__Prompt__
Reproduce every line below exactly as written; do not include the images.

__Supplied data__

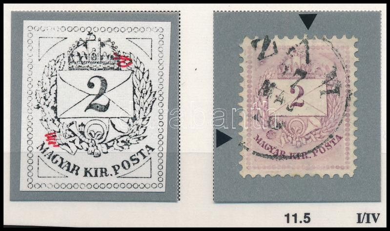 Leírás: 1881 Színesszámú 2kr korona és kürt mellett vésetjavítás, nagyon ritka (ex Orbán, Sebestyén aranyérmes kiállítási anyagból)
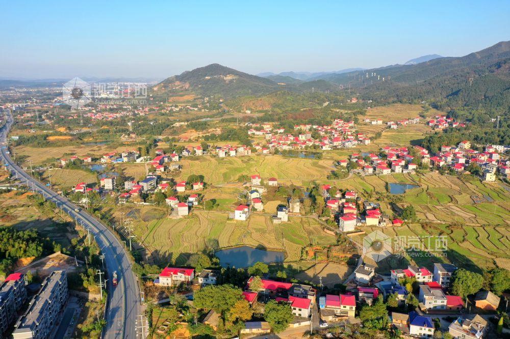 2021年11月14日,无人机航拍江西省萍乡市芦溪县芦溪镇丰泉村一带,初冬田园风景美如画。
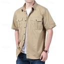Men's Shirt Summer Shirt Casual Shirt Button Up Shirt Cargo Shirt Deep Blue khaki Army Green Beige Gray Short Sleeve Plain Shirt Collar Vacation Hawaiian Pocket Clothing Apparel 100% Cotton Fashion |
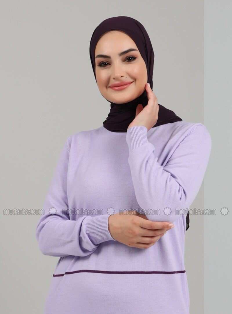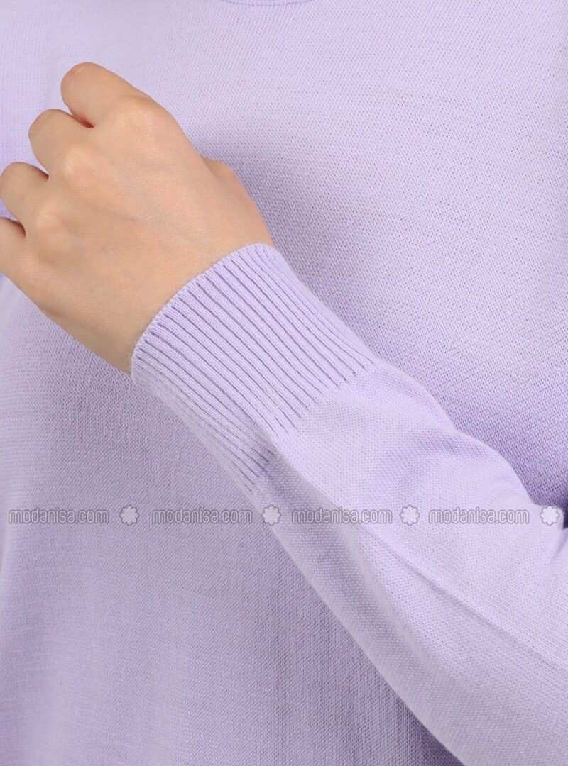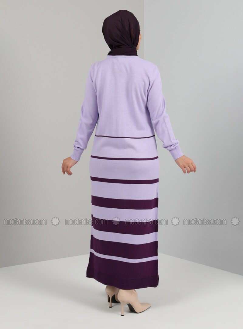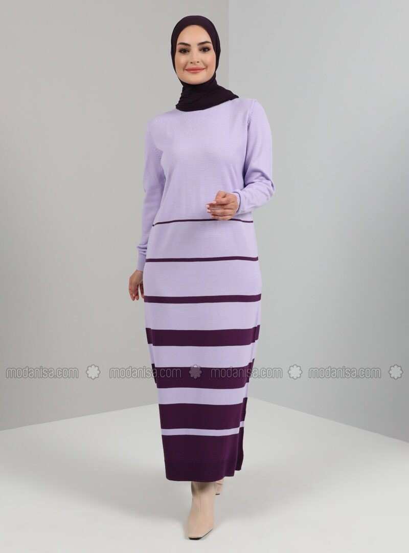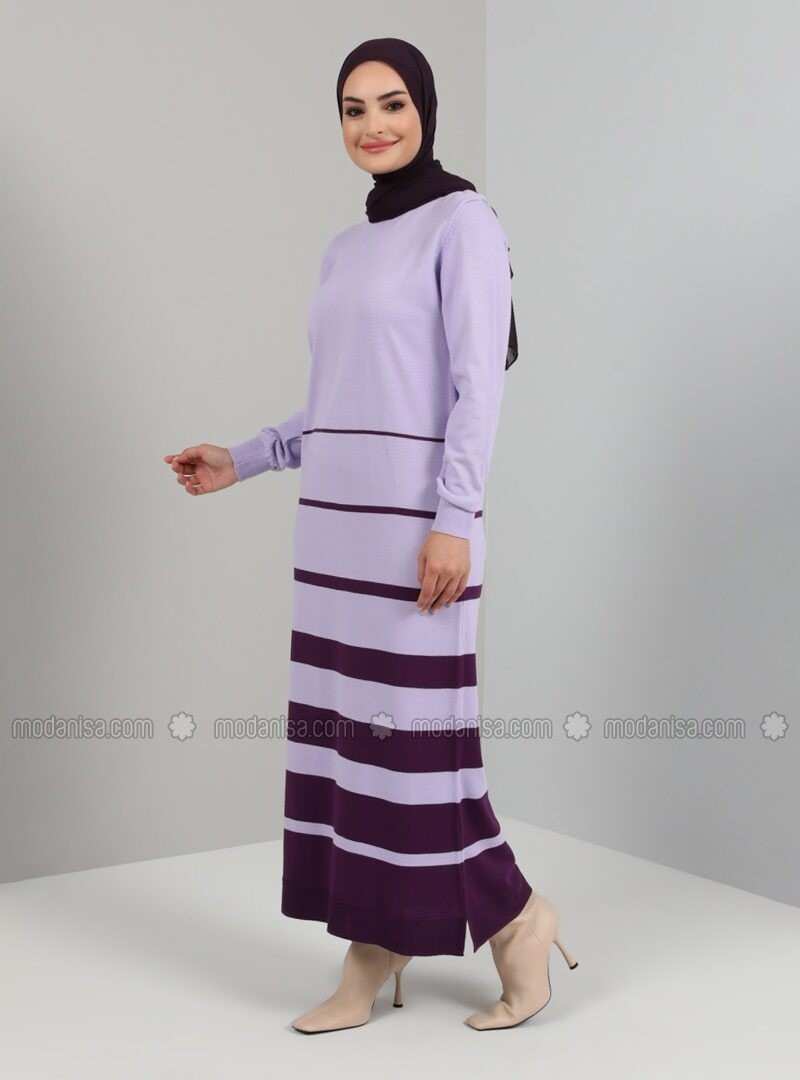 Crew Neck Line Detailed Knitwear Long Dress Lilac Tavin
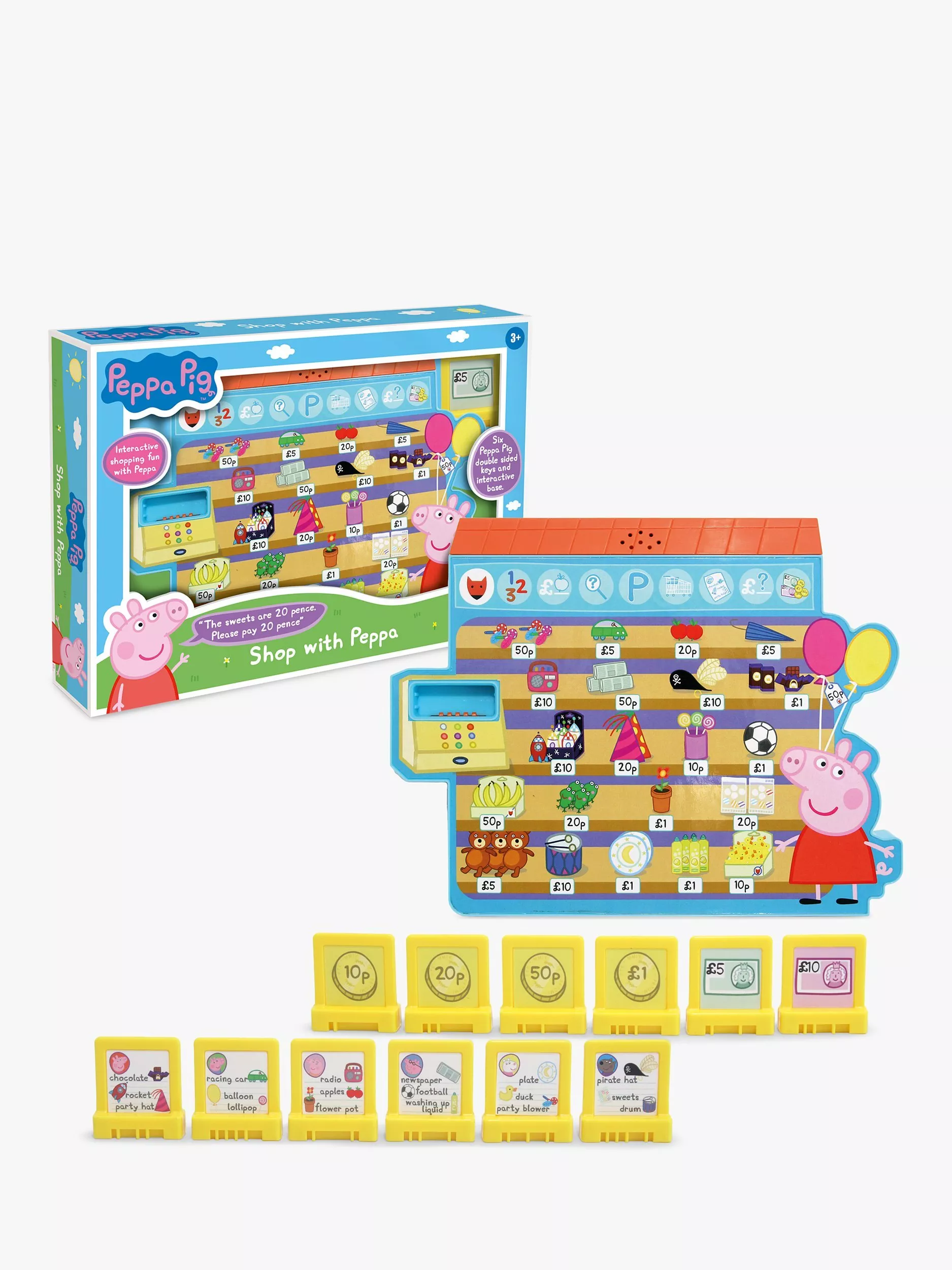 Learn and have fun with Peppa Pig as your child goes shopping with Peppa. Play and learn with the six Peppa Pig double-sided keys and interactive base.
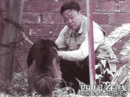 在小区偏僻的一角,刘先生将藏獒拴在了树上,人们在警戒线外远远围观。刘先生在爱犬身边蹲了下来,一遍又一遍用手轻抚它的背,不断地对它说话。但由于相隔太远,现场没有人听见他说什么。好几分钟后,他才一抹眼泪站了起来……“砰——”约10米之外高大威猛的藏獒倒了下去。

__Answer for the task__
 Leírás: 1881 Színesszámú 2kr korona és kürt mellett vésetjavítás, nagyon ritka (ex Orbán, Sebestyén aranyérmes kiállítási anyagból)
 2021年11月14日,无人机航拍江西省萍乡市芦溪县芦溪镇丰泉村一带,初冬田园风景美如画。
Men's Shirt Summer Shirt Casual Shirt Button Up Shirt Cargo Shirt Deep Blue khaki Army Green Beige Gray Short Sleeve Plain Shirt Collar Vacation Hawaiian Pocket Clothing Apparel 100% Cotton Fashion |
 Crew Neck Line Detailed Knitwear Long Dress Lilac Tavin
 Learn and have fun with Peppa Pig as your child goes shopping with Peppa. Play and learn with the six Peppa Pig double-sided keys and interactive base.
 在小区偏僻的一角,刘先生将藏獒拴在了树上,人们在警戒线外远远围观。刘先生在爱犬身边蹲了下来,一遍又一遍用手轻抚它的背,不断地对它说话。但由于相隔太远,现场没有人听见他说什么。好几分钟后,他才一抹眼泪站了起来……“砰——”约10米之外高大威猛的藏獒倒了下去。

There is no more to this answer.